刘朝生此次给虞玓布置的作业有两道。
一则是救灾, 二则问律。
虞玓虽未动笔, 却已给后者判了死刑。
他从未读过任何的律法, 如那门外汉, 要如何登堂入室同大家商议仅刘朝生提出来此事,虞玓需要翻阅的书籍又增加许多重责。
今日他在白纸上涂抹的却是前者。
谈及救灾,便需谈灾祸。
大唐建朝至今, 有贞观元年夏之山东,贞观九年秋之剑南、关东共二十四州发生两次大旱。小旱更不必说, 且有夏旱为多,易有两季连旱的特征。
一旦旱情连绵,就容易发生旱饥,如贞观元年于关中便有如此惨祸。

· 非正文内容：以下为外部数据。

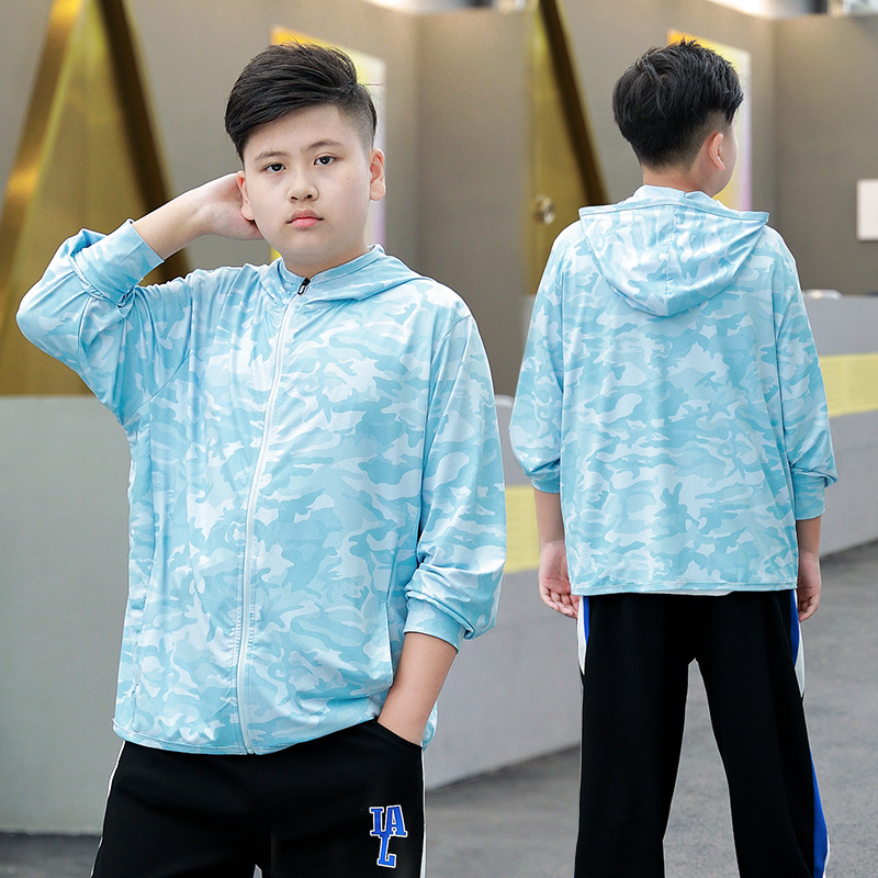 통통한 소년의 선 스크린 의류 여름 얇은 2024 새로운 스타일 어린이 아이스 실크 경량 재킷 소년 및 청소년

仅次于旱灾的便是水祸,多是水溢、连雨或暴雨导致, 致使冲堤毁田溺死等严重后果。
而与旱灾水祸争相出现的蝗灾同样令人惊骇,且多与旱灾一同出现, 可谓是前有狼后有虎。
虞玓的思路是先提灾祸,简明扼要点出诸类灾祸的严重后果,再笔锋一转提起如何救灾的问题。
因着本就是在打草稿,故而虞玓写来全是零零碎碎的细点, 如报灾要及时可诸州县至中央, 需考核查处,再则诸州刺史需复核灾情,以免欺瞒或夸大如何保证不同流合污。
诸如此类的括号细节让圣人看了不免发笑。他从未见过有人在做文章的时候,前后需有这般多的填充涂抹。
只他再往下看, 却有些凝神。
“核实灾户定等极难,却为重中之重。或许能以州县官先画分界,列为方格,大约每方二十里。”既是草稿,虞玓的思路就有些跳脱。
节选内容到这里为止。